国会議事堂周りの銀杏並木が、金色に変わり始めた。10月26日の国会開会式。議事堂前に参列し、ふと見上げた空は雲一つない秋晴れだった。静かにお車が入る。車窓をみると、純白のマスクをされた陛下が軽く会釈をされた。たったそれだけの瞬間、不思議と凛とした空気に包まれた。

第203回国会が始まった。第99代内閣総理大臣菅義偉としての初舞台になる。所信表明演説に期待を込めて拝聴した。自民党総裁選挙の際の討論会や、新内閣の陣容を見て、私は勝手に「前政権を引き継ぎ、堅実な実務型の政治だろう」と想像していたが、いい意味で裏切られた。「2050年までに、温室効果ガスの排出を全体としてゼロにする」。首相は宣言した。

場内は一瞬どよめきが起こった。これは国内だけでなく、世界に向けての宣言になる。既に約120か国がこうした宣言をしており、主要7か国(G7)で残るは日本と米国だけだった。遅きに失したというのは簡単だが、それでも着実な前進だ。

昨年来、小泉進次郎環境相と一緒に仕事をさせてもらった。大臣はゼロカーボンシティに向け積極的に自治体に働きかけた。大臣室に大きな日本地図が貼ってあり、そこには宣言した自治体がチェックされている。豊田市もみよし市も宣言してもらった。現在166の自治体、人口7883万人、日本の65%以上が宣言したことになる。梶山経済産業相とはCO2排出量が多い石炭火力発電の将来像について覚書を交わしている。

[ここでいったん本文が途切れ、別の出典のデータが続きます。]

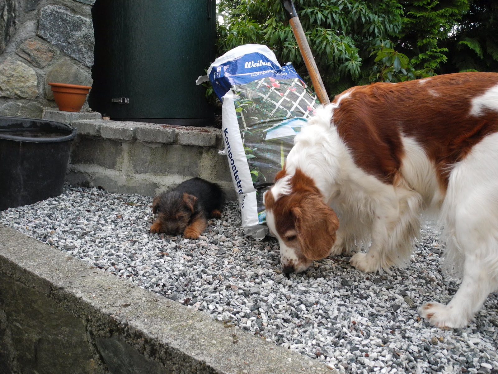 Småstein i hagen er veldig fristende, likeledes Pegi sin middag men egen mat er ikke interessant i det hele tatt.
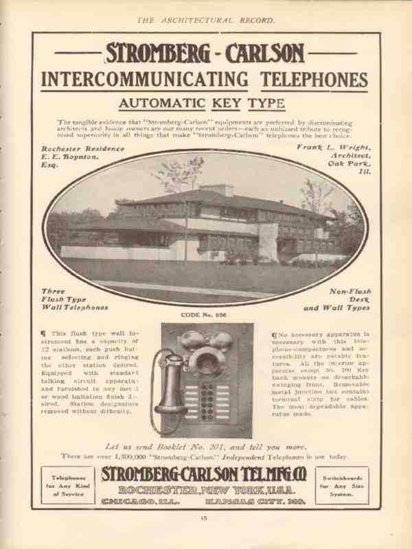 Original vintage architectural trade magazine ad for STROMBERG CARLSON TELEPHONE MANUFACTURING COMPANY of Rochester, NY. Rochester Residence of E. E. Boynton has the Stromberg Carlson Intercommunicating Telephones, Automatic Key Type. Frank L. Wright, Architect, of Oak Park, IL. Three Flush Type Wall Telephones, Code No. 956 is pictured. Old 1910 telephone industry advertisement.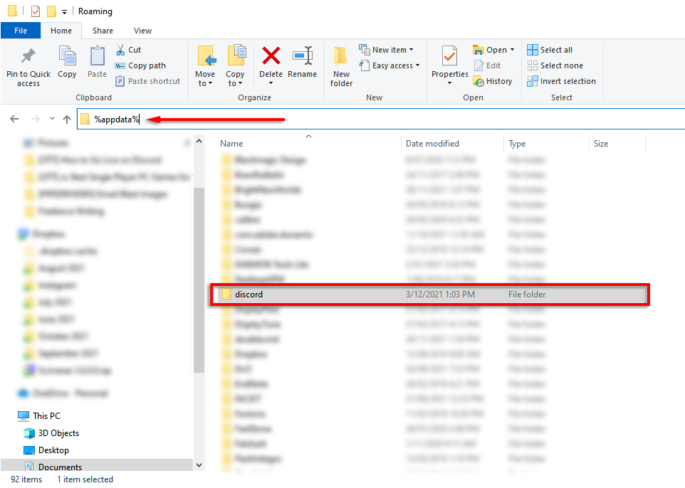 - In the address bar, type %appdata% to open the roaming folder.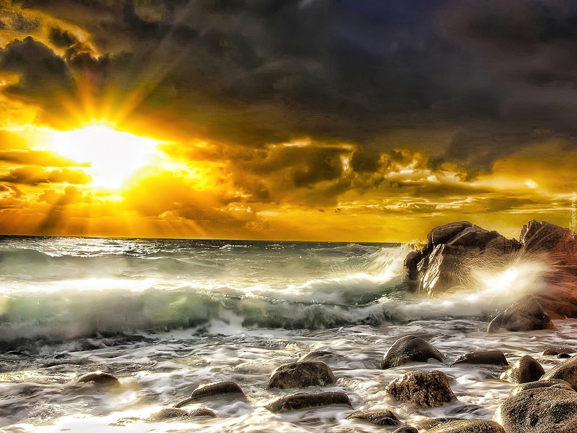 Edytor tapety: Zachód, Słońca, Fale, Morze, Skały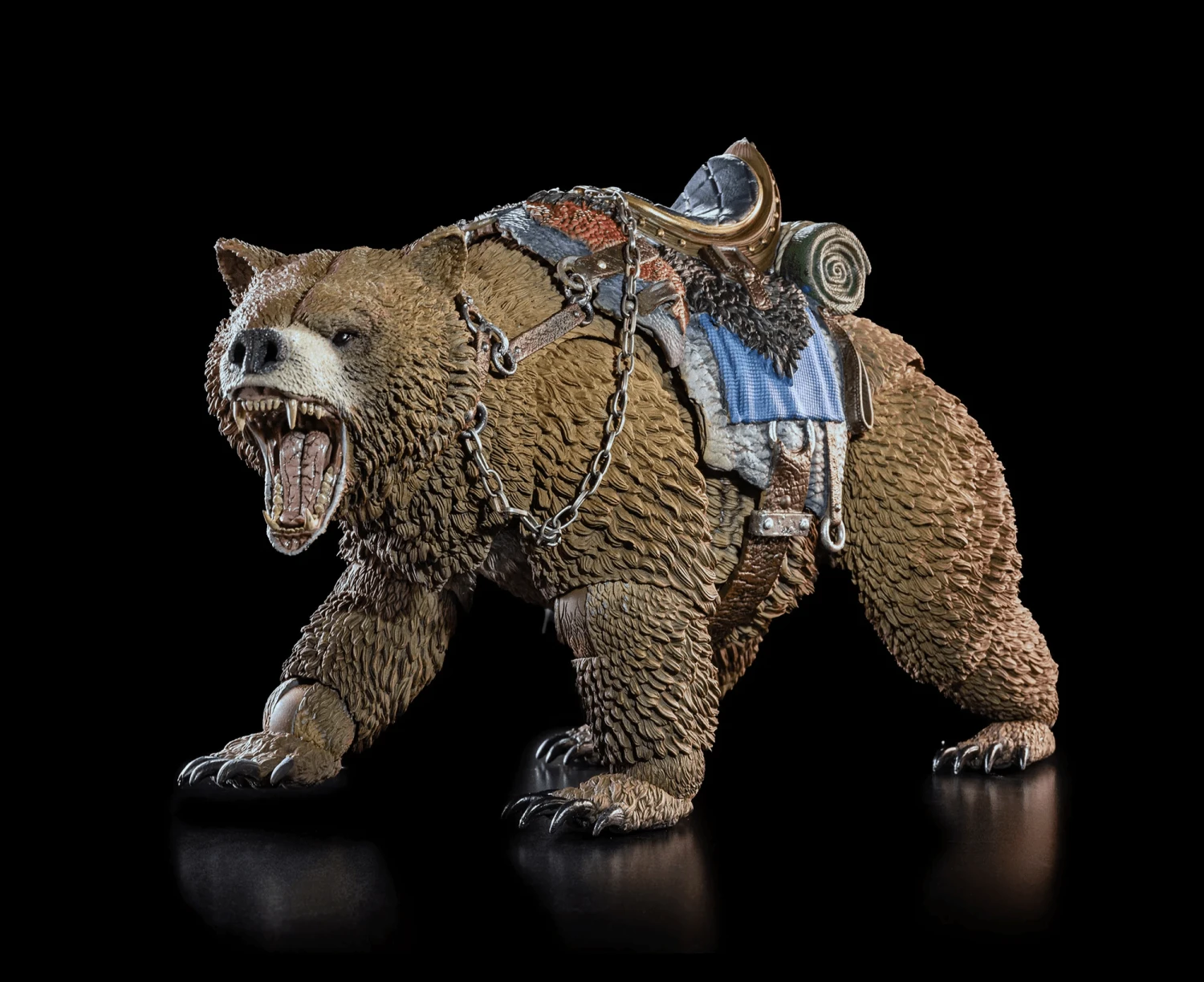 In the days before the House of the Noble Bear marched from the colds of Bjorngar towards inevitable war, Attlus the Conqueror returned to the home he once shared with his wife, Risha. Making his way to the tree under which he had buried her body, the tree whose desecration by orc raiders led to Attlus picking up his blades once again, the barbarian was greeted with an unexpected sight. A gigantic bear sat by the charred remains of the tree, its head bowed and eyes closed as if in silent prayer. Wary of alarming the bear, Attlus backed away quietly, but the bear opened his eyes and looked his way. Attlus felt his breath leave his body. He saw his wife’s eyes reflected in the gaze of that beast, and the barbarian king knew that somehow, his wife had sent this creature to his side in his most desperate hour. Together, man and beast left Risha’s Grove, as Attlus the Conqueror rode Bödvar towards the greatest battle the Realm of Mythoss had ever seen.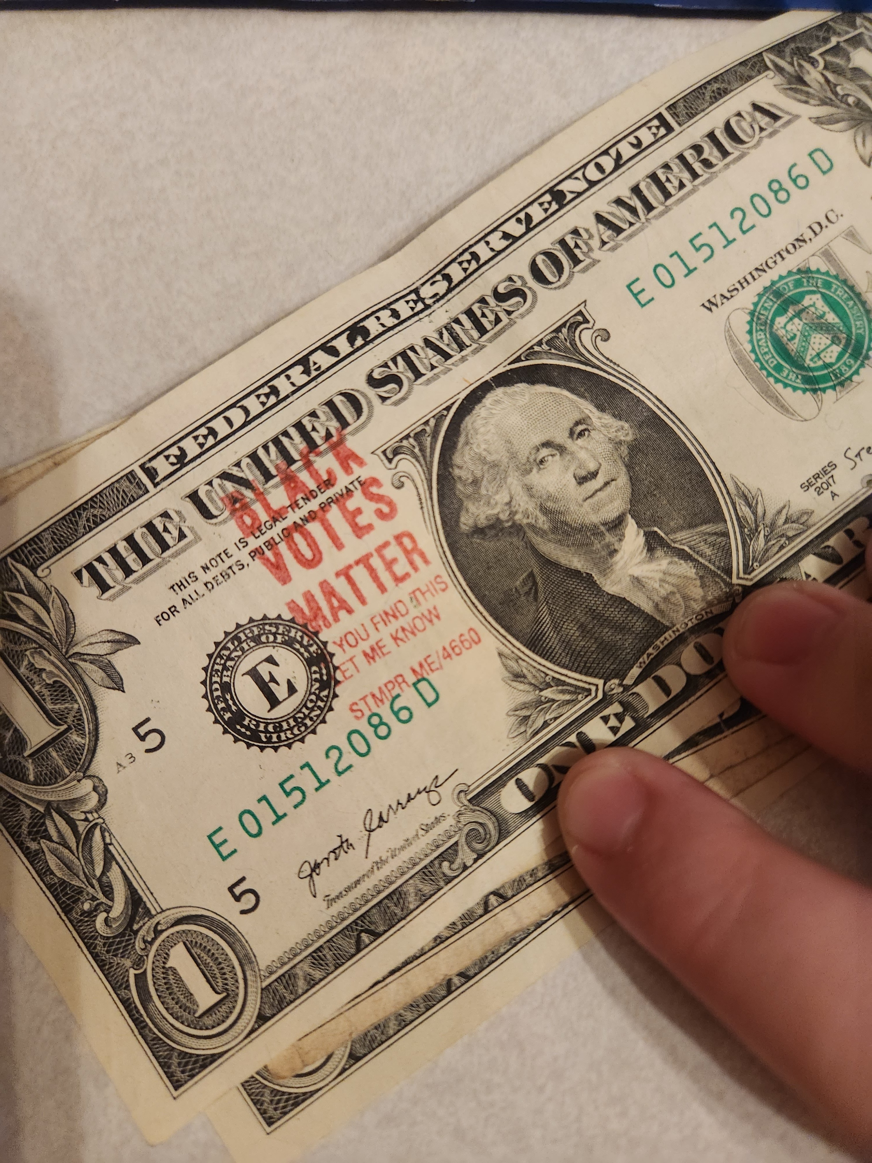 | 1/21/2025 | Waterloo, IA | My mom handed me a dollar bill to set as tip for a waiter and it had this stamp | 1 | |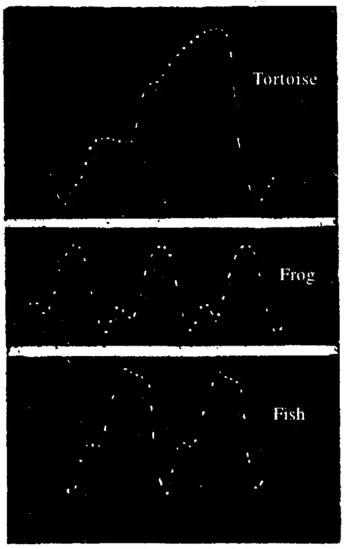 Fig. 121. Characteristic cardiograms of tortoise, frog and fish. The successive dot-intervals represent 0.05 sec.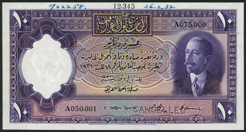 Government of Iraq, specimen 10 dinars, 1 July 1931, serial number A 050001-A075001, violet and multicoloured, King Faisal I at right, three printed signaures below, value at each corner, reverse violet and white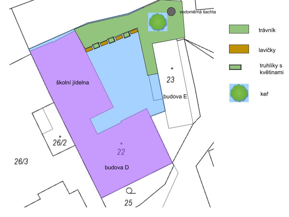 Prostor před školní jídelnou je v současné době zpevněn zámkovou dlažbou. Plochy od zámkové dlažby k plotu pozemku jsou neupravené a nepřízpusobené pro případné využití čekajícími dětmi. Zatravněním ploch a vybavením prostoru se zlepší možnost využití pro děti i rodiče.

首相の演説を聞きながら、昨年来のこうした動き一つ一つを思い出した。全てが今回の宣言に繋がっている。首相はいま成長戦略の柱に「経済と環境の好循環」(環境省では「環境と成長の好循環」)を掲げている。これから社会も経済も大きく変わっていく。自動車産業も脱炭素化に向けて、急激に電動化に舵を切らねばならない。裾野の広い産業だ。今後も日本の成長の先頭を走り続けてほしい。渡辺元トヨタ自動車社長が「走れば走るほどきれいな空気を出す車を作ります」と話していたことを思い出す。もう夢物語ではない。

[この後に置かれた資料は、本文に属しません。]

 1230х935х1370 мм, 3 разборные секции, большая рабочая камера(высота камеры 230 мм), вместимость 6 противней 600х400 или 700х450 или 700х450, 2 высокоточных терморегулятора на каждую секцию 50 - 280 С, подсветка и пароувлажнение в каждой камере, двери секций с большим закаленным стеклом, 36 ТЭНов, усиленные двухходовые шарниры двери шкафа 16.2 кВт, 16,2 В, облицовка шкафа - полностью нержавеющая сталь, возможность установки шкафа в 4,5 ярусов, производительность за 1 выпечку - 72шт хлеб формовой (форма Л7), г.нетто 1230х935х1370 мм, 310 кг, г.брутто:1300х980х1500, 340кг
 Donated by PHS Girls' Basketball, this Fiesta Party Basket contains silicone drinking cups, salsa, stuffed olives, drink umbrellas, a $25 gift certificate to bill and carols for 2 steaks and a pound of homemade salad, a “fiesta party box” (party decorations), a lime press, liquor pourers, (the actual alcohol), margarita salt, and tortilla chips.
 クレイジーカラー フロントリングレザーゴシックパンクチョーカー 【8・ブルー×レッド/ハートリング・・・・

首相の演説でもう一つ、大きな柱だったのは、来年設置をめざすデジタル庁だ。今回の新型コロナウイルス禍で、日本は行政も民間もデジタル化が遅れ、脆弱性があることが露呈した。世界と比べて「周回遅れ」ともいわれる。マイナンバーカードを2年半のうちに普及させ、行政、医療、教育、仕事等のデジタル化を進めるという。私も賛成だ。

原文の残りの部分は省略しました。